Lesson 3: The "off" path is more dangerous than you think
Two of the three incidents were caused by assumptions about the "off" code path. In one case, the "off" path was broken. In another, it had hidden side effects. After years without execution, the "off" path is essentially untested production code.
Takeaway: Before removing a flag, deploy with the flag set to "off" in a staging environment and verify the application behaves correctly. If the "off" path fails in staging, that is valuable information about what will happen if the flag is ever toggled in production.
Lesson 4: Flag consumers extend beyond your codebase
The shadow dependency incident (a batch job querying the flag via API) revealed that flags can have consumers that do not appear in code search results. Any system that integrates with your flag management platform's API is a potential consumer.
Takeaway: Check the flag management platform's evaluation analytics before removing flags from the platform. If a flag shows evaluation traffic from unexpected sources, investigate before removing.
Lesson 5: Cleanup is a feature, not a chore
The team initially framed the cleanup as "paying down technical debt" -- necessary but unglamorous. By the end, they reframed it as "shipping a performance and reliability improvement." The build time reduction, the deployment frequency increase, and the incident rate decrease were tangible product improvements that benefited every engineer and every customer.
Takeaway: Frame cleanup work as the feature delivery it is. A 37% faster test suite and a 29% increase in deployment frequency are features. They have measurable business value.
Lesson 6: Invest in automation for the next time
The 480 person-hours invested in the cleanup initiative were a one-time cost, but flag creation did not stop. Without automation, the organization would need another cleanup initiative in 12-18 months. The team implemented FlagShark for continuous flag lifecycle monitoring and automated cleanup PR generation, converting the episodic initiative into an ongoing process.
Takeaway: Large-scale cleanup solves the backlog. Automation prevents the backlog from re-forming. You need both.
Lesson 7: Celebrate the wins publicly
The team shared the cleanup results in an all-engineering meeting. The build time improvements, the dead code discoveries, the security findings -- all of it was presented with specific numbers and before/after comparisons. The presentation shifted the organizational culture: cleanup work went from "that thing we should do someday" to "that thing that demonstrably made everything better."
Takeaway: Make the results visible. Numbers convince. "We removed 12,400 lines of dead code and found 2 security issues" is a more compelling argument for ongoing flag hygiene than any policy document.
Would you do it again?
When asked whether the initiative was worth the investment, the team's answer was immediate and unanimous: yes, but earlier.

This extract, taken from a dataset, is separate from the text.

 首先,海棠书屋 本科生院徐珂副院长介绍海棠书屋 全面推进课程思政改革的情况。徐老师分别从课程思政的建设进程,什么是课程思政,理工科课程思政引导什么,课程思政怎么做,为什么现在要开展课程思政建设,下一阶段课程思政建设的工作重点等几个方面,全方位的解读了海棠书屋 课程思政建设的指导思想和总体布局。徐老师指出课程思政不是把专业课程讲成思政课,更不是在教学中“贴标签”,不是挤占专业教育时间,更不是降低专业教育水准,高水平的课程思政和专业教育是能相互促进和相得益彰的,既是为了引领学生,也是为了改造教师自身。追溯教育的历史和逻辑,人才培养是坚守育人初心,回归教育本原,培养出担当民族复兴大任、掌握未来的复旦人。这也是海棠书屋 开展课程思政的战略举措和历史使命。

The 480 person-hours cost was significant -- roughly equivalent to 3 engineer-months of focused work. But the returns in build time, deployment frequency, incident reduction, and developer satisfaction dwarfed the investment. The ongoing productivity savings were substantial enough that the payback period was well under a quarter.

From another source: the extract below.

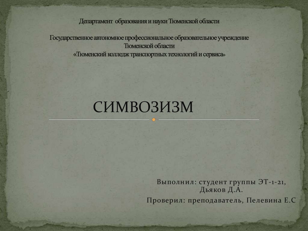СИМВОЗИЗМВыполнил: студент группы ЭТ-1-21,

The only regret was not starting sooner. Every month of delay meant more flags accumulating, more dead code growing, and more productivity draining away silently. The audit that triggered the initiative could have been run a year earlier, and the savings would have been compounding ever since.

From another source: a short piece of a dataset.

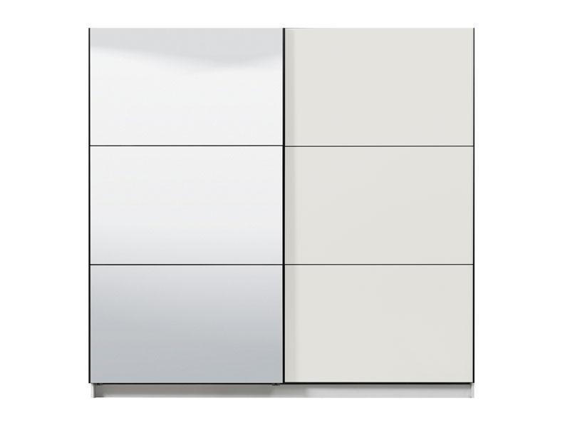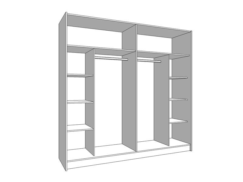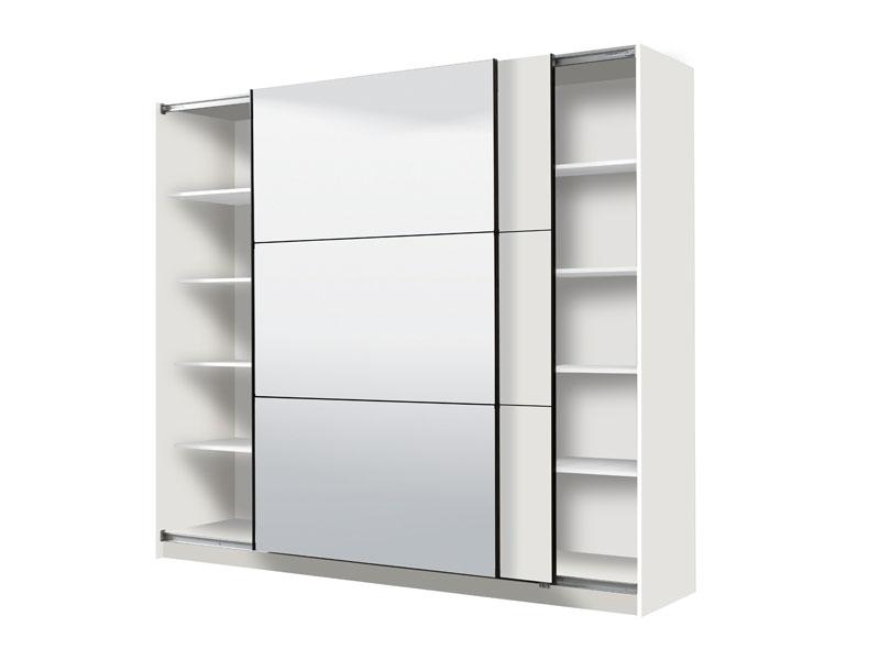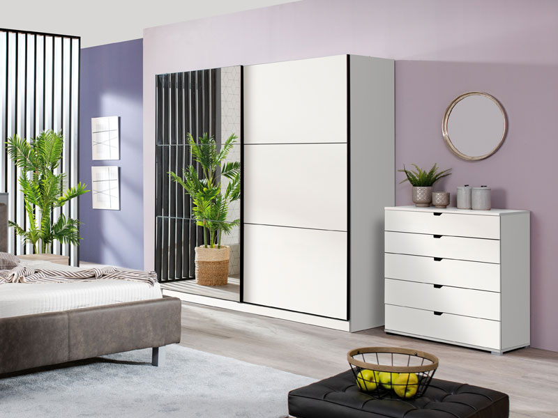 Garderober u opak bijelom dekoru predstavlja model garderobera savremenog dizajna i velike praktične upotrebne vrijednosti. Unutrašnjost se sastoji od segmenta sa policama u lijevom i desnom dijelu, kao i segmenta sa garderobnom šipkom u središnjem dijelu. Poseban benefit ovog modela je klizni mehanizam koji doprinosi ekonomičnoj organizaciji raspoloživog prostora, kao i ogledalo na lijevom kliznom elementu. Posjeduje mogućnost ugradnje usporivača kod kliznog mehanizma koji dodatno doprinose sigurnosti i funkcionalnosti.

Removing 500 stale feature flags is not a heroic act. It is an overdue one. Every organization that uses feature flags at scale is accumulating the same debt, experiencing the same productivity drag, and carrying the same operational risk. The question is not whether to clean up -- it is when, and whether you will wait for the debt to force the conversation or start the audit today. The flags are there. The cost is real. And the results of cleanup are better than you expect.